The cyclization mixture (25) was added to the peptide (dissolved in dimethylformamide) and allowed to react for 2 h. The cyclized, protected peptide was precipitated by the addition of cold diethyl ether and washed with water. The remaining side chain protection groups (Z) were removed by catalytic dehydrogenation as described previously (25). The peptides were purified by reversed-phase chromatography using conventional gradients of acetonitrile-water-trifluoroacetic acid; the eluate fractions corresponding to the peptides were lyophilized. The peptide purity, estimated by reversed-phase high-performance liquid chromatography (HPLC), was more than 95%. Gram-scale synthesis of NAB741 (acetate salt; purity, 96.2%, as estimated by HPLC) was performed by Bachem AG (Bubendorf, Switzerland).

Bacterial strains.

E. coli IH3080 (K1:O18:H7) is a virulent encapsulated strain used in our other recent studies (25, 26, 31). The ATCC strains included E. coli ATCC 25922, K. pneumoniae ATCC 13883, E. cloacae ATCC 23335, A. baumannii ATCC 19606, P. aeruginosa ATCC 27853, Staphylococcus aureus ATCC 25923, and Candida albicans ATCC 28366. The E. coli strains also included blood isolates from Sweden (Culture Collection, University of Gothenburg (CCUG), Sweden; CCUG strains, n = 7) and from Finland (Helsinki University Hospital, Finland; F strains, n = 5). Furthermore, blood isolates of K. pneumoniae (three F strains, one CCUG strain), E. cloacae (three F strains, one CCUG strain), and A. baumannii (two F strains) were included.

Antibacterial assays.

The simple agar well diffusion method, described previously by us (25), was used as a screening test. It detects both the direct antibacterial activities of the compounds and their abilities to sensitize a set of target bacteria to the hydrophobic model antibiotic (rifampin). The test employed LB agar plates (LB Agar Lennox; Difco, BD, Sparks, MD) and LB plates containing increasing concentrations (0.1 μg/ml, 0.3 μg/ml, and 1.0 μg/ml) of rifampin (Sigma-Aldrich, St. Louis, MO). The plates were inoculated with bacterial suspensions in 0.9% NaCl (0.5 McFarland standard) according to the CLSI standard M2-A9 (8) to enable an even confluent growth. Four quantities (0.4 μg, 1 μg, 4 μg, and 10 μg) of each peptide dissolved in 0.9% NaCl were tested. Controls included polymyxin B sulfate (P0972; Sigma-Aldrich) and polymyxin B nonapeptide (PMBN) (Sigma-Aldrich), as well as the NAB compounds NAB739 and NAB7061 (25). After an 18-h incubation at 37°C, the diameters of the growth inhibition zones were measured and the corresponding surface areas (in mm2) were calculated.
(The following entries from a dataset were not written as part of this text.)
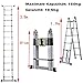 Capacity : The maximum load is 330 lbs (150 Kg),the telescopic ladder can extend to 6.2t when in A-frame ladder and up to 12.5 ft (3.8m)when in straight ladder , completely folded to 86cm for storage.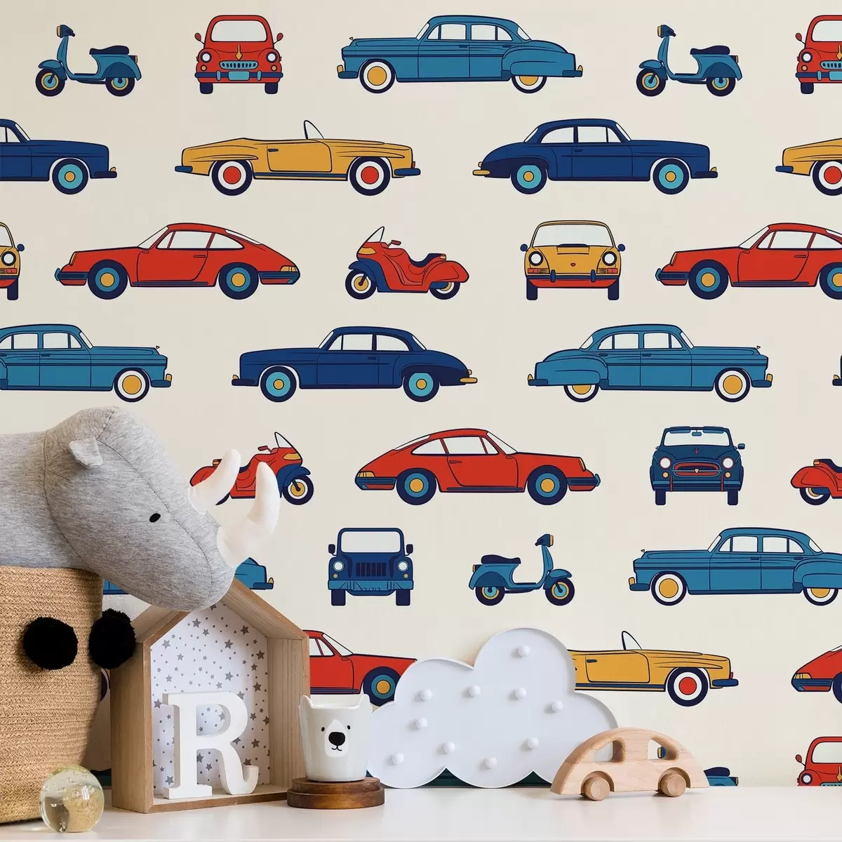 Papel tapiz Coches y motos retro de colores vivos Nr. a01178v2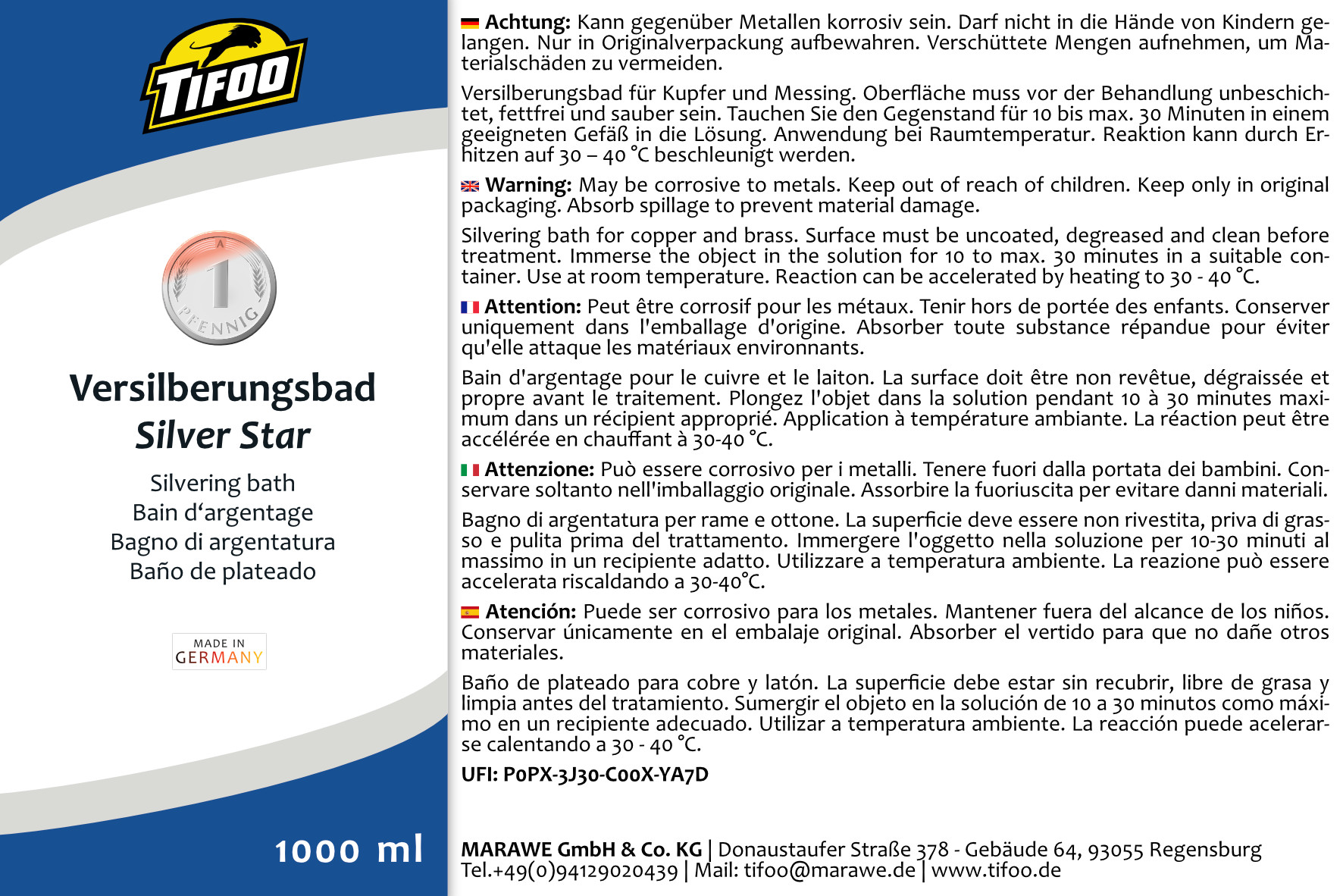 Le Tifoo Silver-Star Bain d'immersion d'argenture permet l'argenture de cuivre et laiton dans peu de minutes. Le Tifoo Silver-Star permet aussi de restaurer de vieilles pièces de monnaie, des objets décoratifs et des objets d'art sans problèmes. L'application du Silver-Star est assez simple: immergez l'objet à argenter dans un bain de Tifoo Silver-Star et dans peu de temps, il y aura une couche brillante et résistante d'argent. Dans l'idéal, l'objet à argenter est d'abord nettoyé et dégraissé soigneusement. Pour le cuivre ou les métaux lourds non-ferreux, nous recommandons particulièrement le Tifoo Nettoyant cuivre, qui est aussi disponible sur notre site marchand. Veuillez lire bien les instructions avant le premier usage. Si vous avez des questions, nous nous tiendrons volontiers à votre disposition.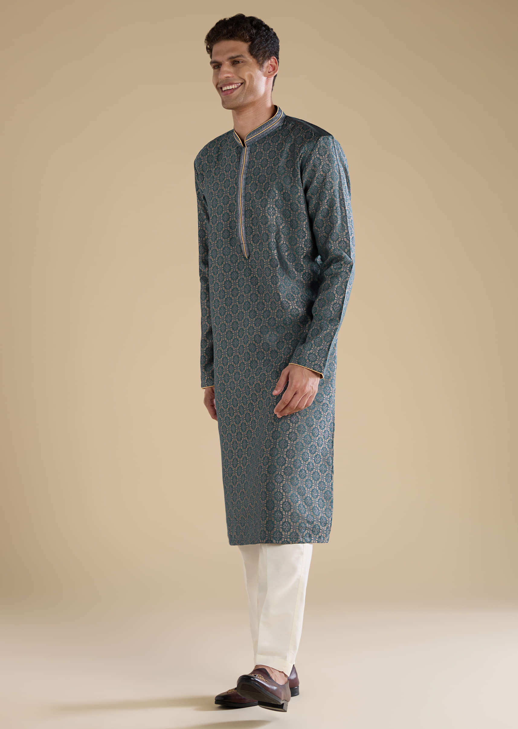 Embrace refined sophistication with this teal jacquard men’s kurta set, featuring an intricately woven self pattern that adds texture and a regal touch. The luxurious silk fabric offers a smooth sheen, while the mandarin collar enhances its modern, elegant appeal. Perfect for weddings, festive occasions, or cultural celebrations, this ensemble combines traditional craftsmanship with contemporary style. Awarded as the Most Trusted Brand, we're delivering styles you love, just as promised.

The MIC of NAB741 was measured in microtiter plates using cation-adjusted Mueller-Hinton II broth (Difco 212322) and an inoculum size of 5 × 105 CFU/ml, according to CLSI standard M7-A7 (6).
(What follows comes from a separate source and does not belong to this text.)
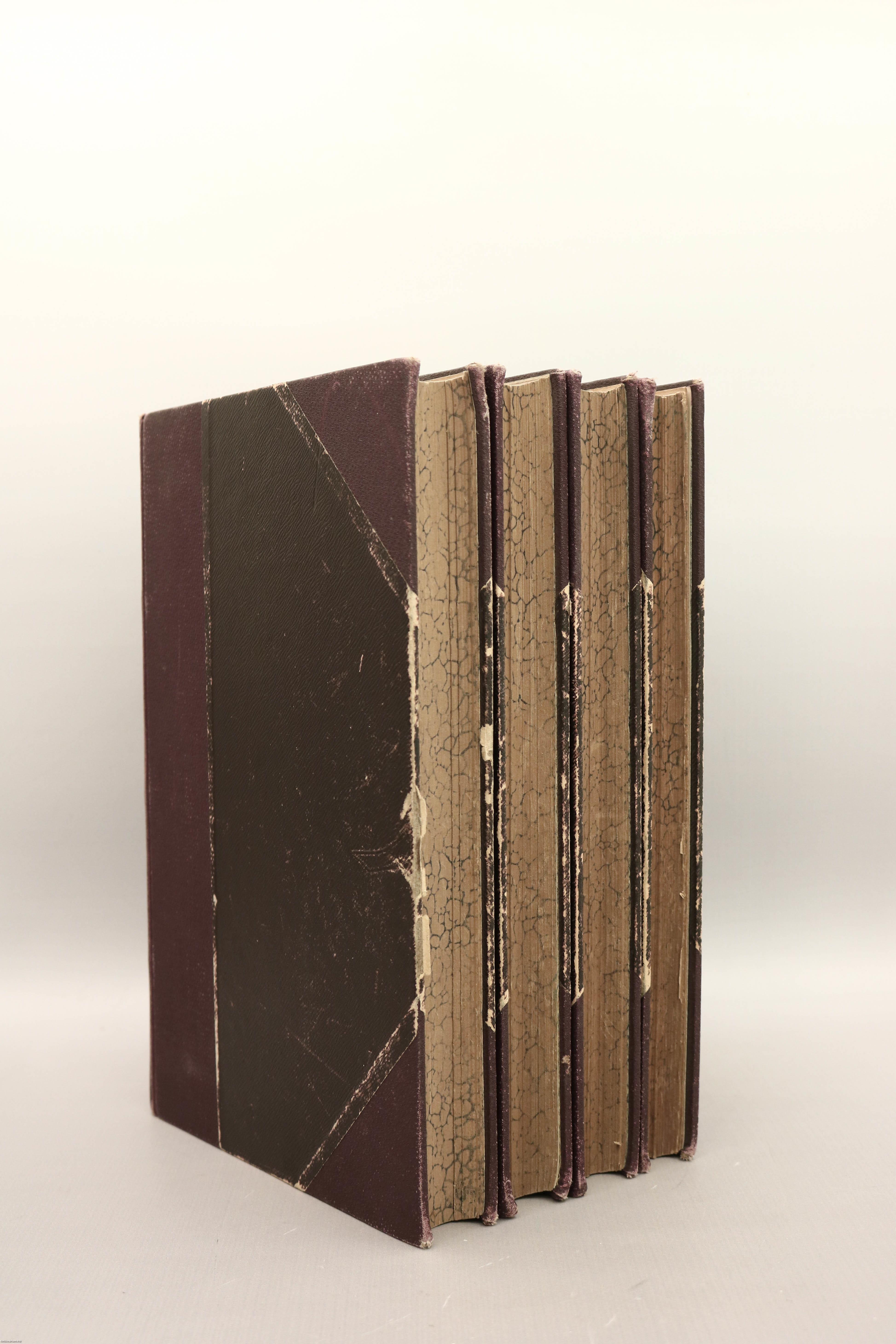 Korabeli félvászon kötésben lévő kötetek feliratozatlan címfedéllel és hátlappal, aranyozott feliratozású könyvgerinccel, színes, levélmintás előzéklapokkal, néhány oldalon ceruzás jelöléssel, aláhúzással és bejegyzéssel, mintázott lapélekkel, szép, hiánytalan állapotban.

The synergism of NAB741 with other antibiotics was studied as described previously (25) using E-strips (Biodisk Ltd., Solna, Sweden) on plates containing Mueller-Hinton agar (product no. LabO39; LabM Ltd., Bury, Lancashire, United Kingdom) and increasing concentrations of NAB741 (acetate salt, 1 μg/ml to 16 μg/ml in 2-fold increments), as well as on Mueller-Hinton agar without NAB741. The inoculum was according to the manufacturer's instructions and corresponded to that in CLSI standard M2-A9 (5).

The synergism with rifampin (Sigma-Aldrich) and with clarithromycin (Sigma-Aldrich) was also studied in microtiter plates as previously described (25), using the checkerboard method, cation-adjusted Mueller-Hinton II broth (Difco 212322), and an inoculum size of 5 × 105 CFU/ml, according to CLSI standard M7-A7 (6).
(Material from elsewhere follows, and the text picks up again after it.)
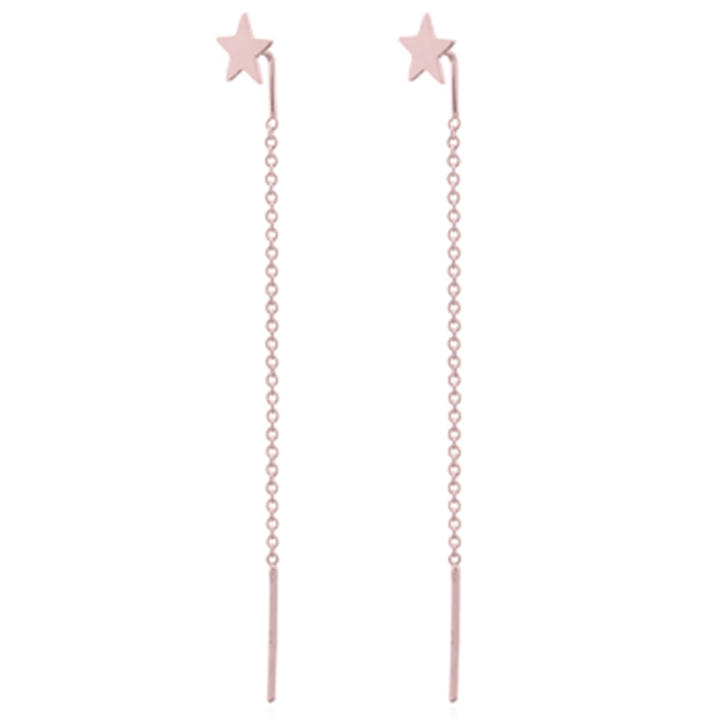 Twinkling Star Rose Gold Plated Chain Threader Earrings In Silver 925

Synergism with fresh normal serum.

The ability of NAB741 to sensitize the encapsulated, smooth strain E. coli IH3080 to the bactericidal action of normal guinea pig serum (GPS) was studied by the method previously employed for the study of polymyxin B nonapeptide (27). E. coli was grown in LB broth (Lennox; Difco, BD) at 37°C into early logarithmic growth phase, washed with phosphate-buffered saline (PBS) (8.0 g of NaCl, 0.2 g of KCl, 1.44 g of Na2HPO4·2H2O, and 0.2 g of KH2PO4 per liter; pH 7.4), and resuspended in PBS to approximately 109 cells/ml. Then, 10% GPS in PBS was inoculated with approximately 500 CFU of bacteria per ml and pipetted in 0.2-ml aliquots into the wells of the microtiter plates. The wells already contained increasing amounts of NAB741 (acetate salt) in 0.020 ml normal saline. After incubation of the plate at 37°C for 2 h, the wells were emptied onto LB plates. The plates were incubated overnight at 37°C, and the colonies were counted. Controls included a treatment in 10% heat-inactivated GPS (inactivation was by incubating GPS at 56°C for 30 min), as well as a treatment in the absence of GPS.

Cytotoxicity assay on V79 cells.

Cytotoxicity assays were performed using the Chinese hamster lung fibroblast cell line V79 (European Collection of Cell Cultures, Salisbury, United Kingdom) as described previously (25). Briefly, the cell culture (2 to 3 days old; more than 50% confluent) was trypsinized, and a cell suspension in fresh medium was used to seed petri dishes with approximately 200 cells each. After incubation for 24 h, the medium was replaced with fresh medium containing NAB741 (acetate salt, 0.25 μg/ml to 128 μg/ml, in 2-fold increments). Negative and positive controls consisted of plates with no NAB741 and with phenol (500 μg/ml), respectively. Each treatment included three replicate dishes. After the 24-h treatment period, the cultures were washed three times, covered with fresh medium, and left to form colonies for 3 days, and the colonies were counted.

Pharmacokinetic studies in rats.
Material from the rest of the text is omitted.